A complete comparison of AvaTrade and XM focusing on spreads, commissions, regulation, trading platforms, and which broker suits different trading styles.
| Feature | AvaTrade | XM |
|---|---|---|
| Founded | 2006 | 2009 |
| Regulation | Central Bank of Ireland, ASIC, FSCA | ASIC, CySEC, FSC |
| Minimum Deposit | $100 | $5 |
| Forex Spreads | From 0.9 pips (Fixed) | From 0.6 pips (Standard) |
| Commission | No commission | No commission (Standard) |
| Best For | Beginners & Fixed Spread Traders | Beginners & Low Deposit Traders |
AvaTrade and XM are well-known forex and CFD brokers offering access to global markets. Both brokers provide MetaTrader platforms and cater to beginner and intermediate traders.
AvaTrade is recognized for its strong regulation and fixed spread pricing model, while XM is popular for its low minimum deposit and flexible account types.
AvaTrade uses a fixed spread model with no commission, making costs predictable but slightly higher compared to raw spread brokers. XM offers commission-free trading on standard accounts with competitive spreads for beginner traders.

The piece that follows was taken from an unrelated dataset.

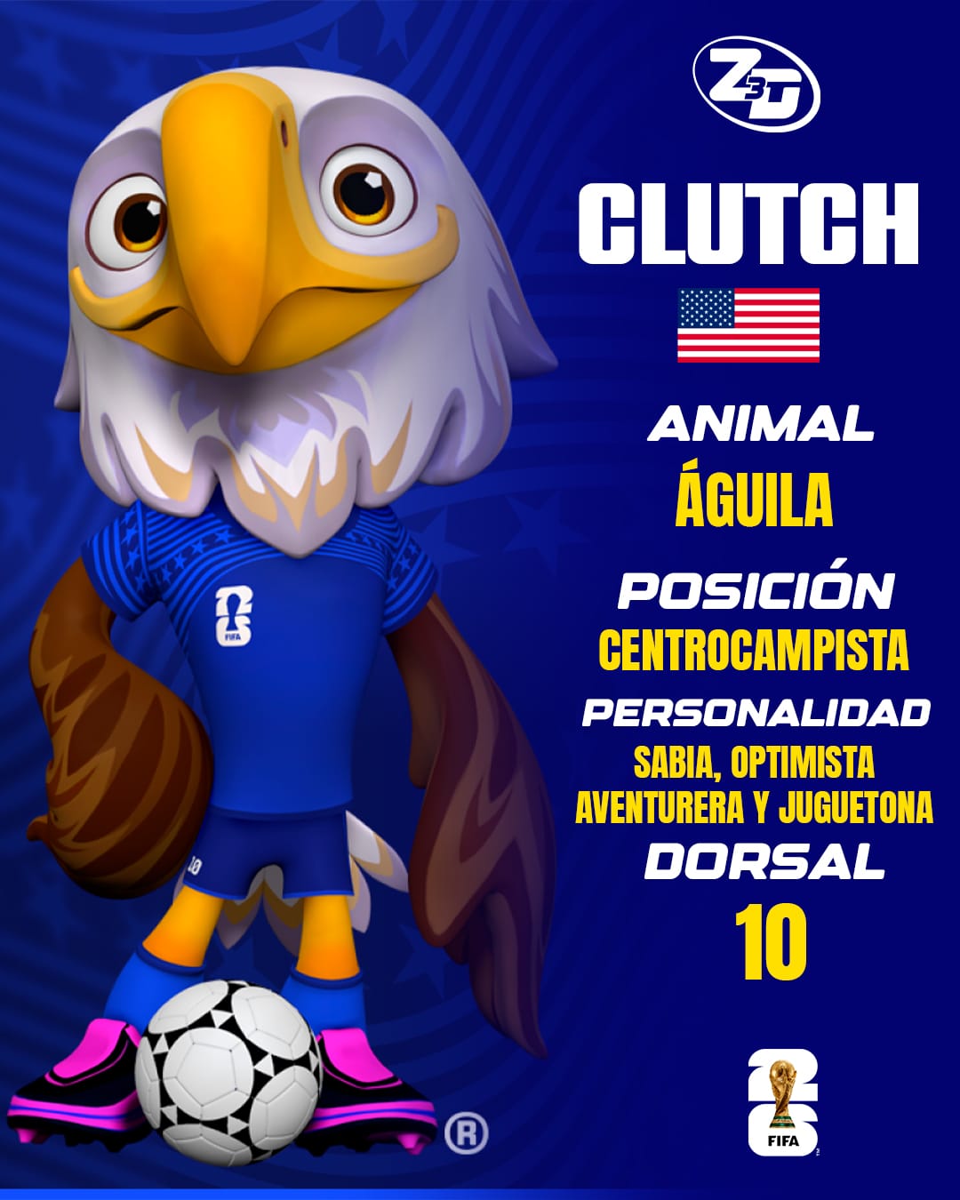 Clutch, un águila real con camiseta azul y el número 10, representa a Estados Unidos. Fue asignada como mediocampista por su visión y capacidad estratégica, cualidades atribuidas a esta ave nacional.
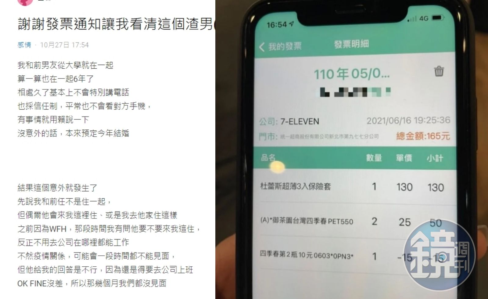 等到8月疫情降溫,全國降回二級警戒,2人終於再度碰面,某天男方到她家找她,她用對方手機追劇,此時突然跳出一則發票App的通知,她不小心誤觸點開了App後,突然好奇想看一下男友平常都買些什麼,「不看還好,一看不得了,明明5-7月都沒見面,竟然會有買保險套的發票」,讓她氣到手抖,一邊還不忘要拍照存證。

Both AvaTrade and XM support MetaTrader 4 and MetaTrader 5 across desktop, web, and mobile devices. AvaTrade also offers its proprietary AvaTradeGO app, while XM focuses on a streamlined MetaTrader experience.
AvaTrade and XM are regulated by multiple international authorities. Client funds are held in segregated accounts, and negative balance protection is available under regulated entities.
AvaTrade is a great option for traders who prefer fixed spreads and strong regulation. XM is better suited for beginners looking for a low deposit and flexible trading conditions.
Trading involves risk. Capital at risk.